Слева и справа цепи натянулись. Я слышал удары кнута. Чувствовал, как некоторые из моих собратьев падают на колени и тянут за собой других. До пропасти оставалось всего несколько сантиметров. Если бы кто-то из нас сорвался, то остальные тут же последовали бы за ним.

Повинуясь движению цепей, я вынужден был тоже опуститься на колени.

Несколько минут ничего не происходило. Тьма перед глазами постепенно расступалась.

Не успели очертания деревьев по другую сторону рва проступить достаточно чётко, как в лицо мне ударила струя холодной мыльной воды.

На нас обрушили потоки ледяной воды, нас мыли так, как крылатые не моют даже свиней; и тут же грязная вода с наших тел стекала в ров.

Так продолжалось несколько минут. Затем опять щелкнули кнуты, и мы осторожно, поскальзываясь на холодном камне и опасаясь встать на ноги, двинулись дальше вдоль стены.

Метров через тридцать в ней обнаружился пролом. Впервые за всё время, проведённое здесь, я смог рассмотреть то место, где оказался. Это была полуразрушенная крепость романского типа. Свежие проломы в стенах маскировали портьеры, за которыми я чувствовал присутствие охранников.

В другом конце зала, где мы оказались, стояло несколько стульев, попавших сюда будто бы случайно — обитых бархатом и золочёных. На них сидели энтари.

Одного за другим пленников отстёгивали от цепи, осматривали и ощупывали. Затем их разделяли на две группы — те, на ком не было слишком уж заметных повреждений отходили налево. Обожжённые и покалеченные до уродства — направо.

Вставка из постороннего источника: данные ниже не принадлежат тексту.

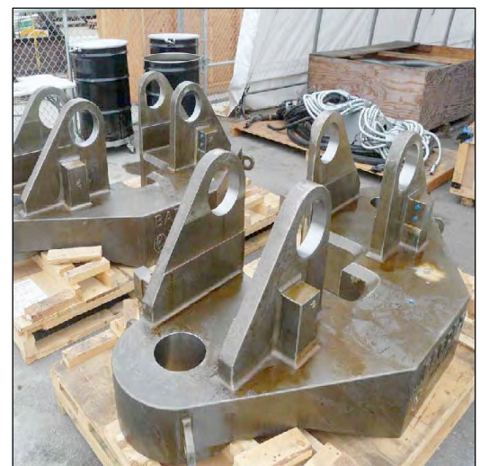
Mooring Jacking System Traveling Cross Arms

Exmar representatives are witnessing fabrication and testing of hull OFE in China, Korea and Europe. Hull owner furnished equipment fabrication is ongoing as can be seen in the photo of the mooring jacking system.
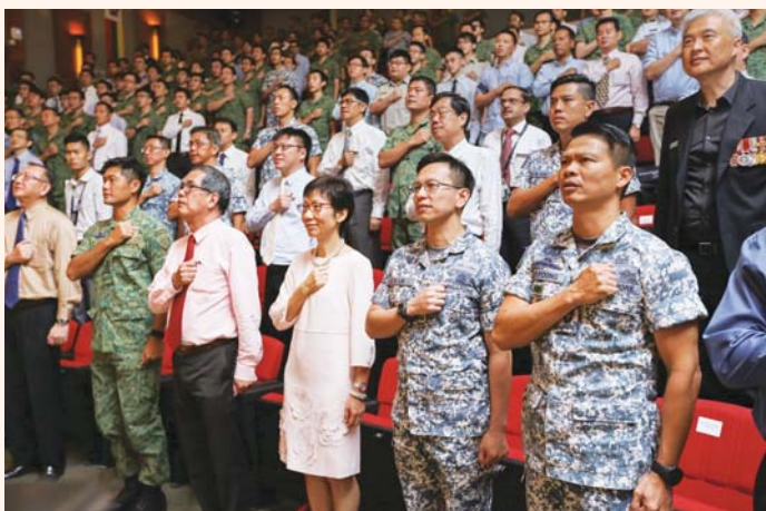
Participants reaffirming their commitment to the defence of the nation at the SAF Day Combined Rededication Ceremony (West Zone) at the Singapore Institute of Technology.

On 1 July, more than 400 guests, including 240 NSmen from 31 participating companies and organisations, joined SIT staff and students for this year's SAF Day Combined Rededication Ceremony (West Zone). The Singapore Institute of Technology (SIT) organised and hosted this year's ceremony, and once again welcomed guests to SIT@Dover, where the 2015 ceremony was co-organised with ST Marine.
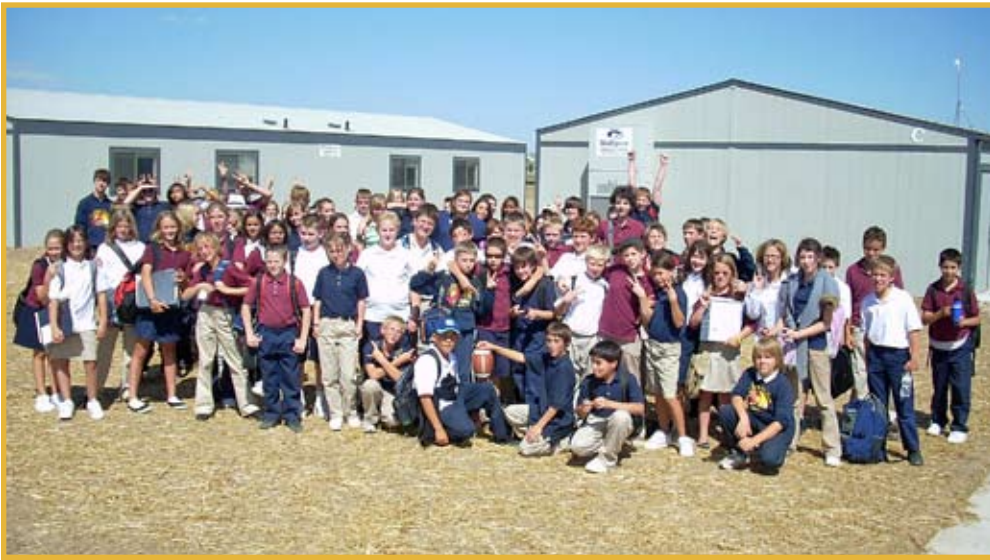
The entire CVSA Student Body
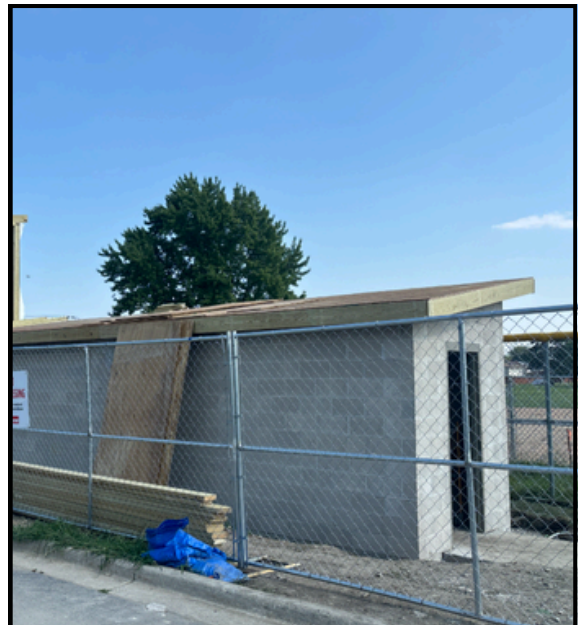
Softball dugout construction in progress.
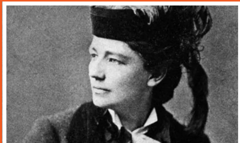
First woman to run for President of US.
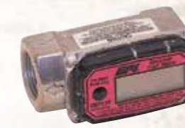
01A12LM GPI 1" INLINE ELECTRONIC FUEL METER $301.00
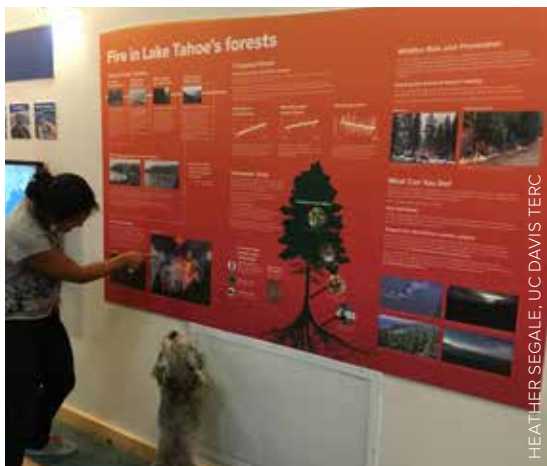
Fire in Lake Tahoe's Forests exhibit now includes actual beetles and beetle galleries... can you follow the path of the adults and larvae?

TERC is working with app developer Arborglyph to develop a new State of the Lake iPad interactive exhibit that will highlight information about lake clarity, changing lake level, climate change, forest health, and provide a visitor survey. It will replace the existing iPad app.

Когда отстегнули от цепи того, что стоял передо мной, он рванулся вперёд, не дожидаясь команды, выставив вперёд руки, будто бы собираясь вцепиться в горло нашим «хозяевам». Не успел он преодолеть и половины расстояния, как с двух сторон его тело разорвали арбалетные болты. Никто не шевельнулся. Крылатые, мудрая и древняя раса, стояли и смотрели на падающее тело глазами рыб, выброшенных на берег.

Иногда мне снится этот миг. Я думаю, мог ли я что-то сделать? Он, конечно, был дураком, этот крылатый. Он был учёным или поэтом и не мог знать, что за портьерами скрываются арбалетчики. Но он единственный из всех отважился не подчиниться, и никто из нас не посмел ему помочь.

В этот миг я понял, что крылатых больше нет. Что бы ни произошло наверху, пока я валялся в грязи в подвалах этой крепости, теперь мой народ перестал существовать. Я больше не был его защитником. Но тогда кем я стал? Этого я не знал.

Все эти мысли едва успели оформиться в моём сознании, когда цепи с моих запястий спали, и щелчок кнута приказал мне сделать шаг вперёд. Ошарашенный увиденным, я не пытался спорить. Да и не время было сопротивляться. Это я отлично понимал.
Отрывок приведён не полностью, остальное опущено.